His government has also cut funding to provinces, eliminated some state subsidies to transportation and energy and ended a price control policy which was used by his predecessors as a tool to contain inflation.
But Milei’s measures brought about an increase in prices, particularly in food and medicine. Monthly inflation in December reached 25.5%, the highest in three decades. Poverty skyrocketed in January to more than 50% and consumption collapsed to levels comparable to 2001, when a social outbreak put an early end to the then government.
“I am fully aware of what is happening in Argentina,” Milei said in a recent interview. “What happens is that correcting 100 years of disasters is not going to be free of charge, especially when it comes to the aberrations of the last 20 years,” he said referring to the policies implemented by Argentina’s center-left governments.
“Half of the population thinks that in the long term things will be fine. We have never seen this in any previous crisis,” said Fernando Moiguer, a consultant who has measured the social mood of Argentines every month for a quarter of a century.
Overall, he says, Argentines feel that what was done before failed. “What they want (now) is someone to come and dismantle everything so we can be like the countries around us that don’t have as many problems as we do.”
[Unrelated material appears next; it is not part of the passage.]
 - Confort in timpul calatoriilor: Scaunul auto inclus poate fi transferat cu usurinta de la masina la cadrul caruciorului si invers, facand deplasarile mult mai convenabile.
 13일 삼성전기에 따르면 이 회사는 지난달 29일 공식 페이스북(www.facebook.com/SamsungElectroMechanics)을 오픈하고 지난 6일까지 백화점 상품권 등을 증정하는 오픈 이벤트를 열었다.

A March survey by Moiguer found that 56% of 1,300 respondents considered that Milei’s adjustment and deregulation measures are “adequate” to improve the country’s economic situation.
Milei, for his part, maintains that his measures are bearing fruit.
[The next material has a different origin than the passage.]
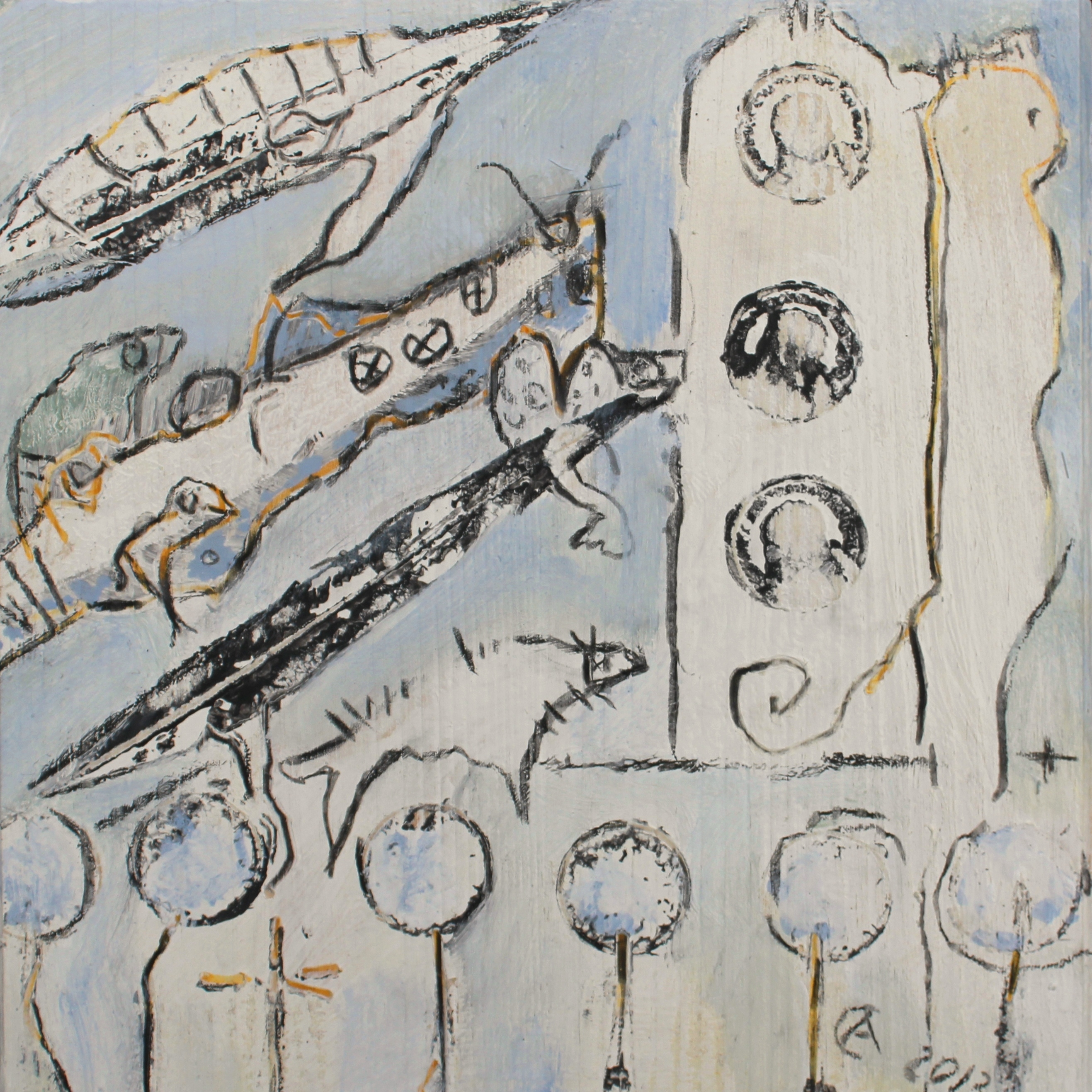 Darüber hinaus präsentiert Arno Neufeld Malereien und Objekte, die er überwiegend aus seinem erzählerischen Fundus entwickelt hat. „In einem vielfältigen Gewebe aus Formen und Zeichen zeigen sie kleine Geschichten, die dem spontanen Zugriff entspringen und sich ihren Weg im Bildaufbau suchen“, erklärt er. Jede Betrachterin und jeder Betrachter könne immer wieder Neues entdecken. Die überwiegend in Acryl gemalten Bilder wirken durch den Einsatz von Farbstiften leicht und facettenreich. Eigenwillige Formate wie 200 mal 20 Zentimeter große „longboards“ oder „Litfäßchen“, Röhren von etwa zehn Zentimetern Durchmesser und 38 Zentimetern Höhe, verstärken die Aussagekraft von Neufelds Ausstellung und ergänzen diese um weitere Formenvielfalt.

Inflation slowed to 13.2% in February, compared to 20.6% in January. The U.S. dollar, long prominent in Argentina, has stabilized while the fiscal deficit decreased, something that was welcomed by investors and the International Monetary Fund, to which Argentina is tied by a $45 billion loan it contracted in 2018.
Yet, low-income Argentines are left to take drastic measures on their own to survive.
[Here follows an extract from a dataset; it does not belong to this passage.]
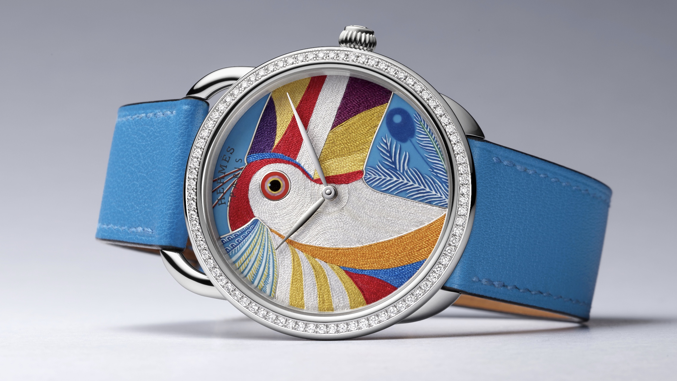 Arloji dengan diameter 38 mm yang mengadaptasi model Arceau yang didesain oleh Henri d’Originy pada tahun 1978. Bentuk bulat klasik dengan tali dari kulit menjadi wajah ikonis dari model ini. Namun kali ini penampilannya dibuat lebih modern, memesona, dan menampilkan sisi eklektik lewat ilustrasi burung tukan seperti yang terlihat di syal Hermès karya Katie Scott yang dirilis setahun lalu.

Ámbar Imoberdoff, a 72-year-old retiree, started singing boleros and tangos in one of the busiest corners of Buenos Aires, because her pension — of roughly $140 a month — is not enough to buy food, medicine and pay for taxes and public services.
“These last few months have been terrible,” she said as she took a break before turning on the speaker and grabbing the microphone. “I think not for myself, but for the grandparents, some of whom can’t walk or do anything. I can walk, I can sing.”
Thanks to her impromptu recitals, Imoberdoff, who is a widow and has no children, says she can earn up to $200 on a good night during the weekends. “God has given me a spirit of not giving in to things. Death is going to find me standing and singing,” she said.
Unlike her, 34-year-old Yohanna Torres wishes the weekends would end quickly. She does not measure time in hours but in the meals she and the four children she cares for skip. From Monday to Friday, she says, they eat at least once a day in a community kitchen in a suburb south of Buenos Aires.
“Saturdays and Sundays last an eternity because I don’t have bread to eat,” said Torres, who is unemployed and receives the equivalent of $200 per month in social assistance. Most of that money is used to care for her 2-year-old daughter Luján, who suffers from the respiratory consequences of COVID-19 that she contracted a few weeks after birth.
“I come to the soup kitchen because I don’t have anything to eat. If this shuts down, I’m going to go out and steal.”
Analysts acknowledge Milei still holds an important core of support among Argentines, but many wonder how long it will last.
“If society is determined that it wants to change, that it needs to change, the limits are going to be extended,” said Moiguer. “Of course everything has a limit. … What this society needs is some kind of verifier that buys time along the way.”
He uses the metaphor of a child going from having a fever of 107 degrees to having his temperature drop to 99 degrees.
“A break in fever is the first sign that the doctor’s treatment was the right one,” said Moiguer.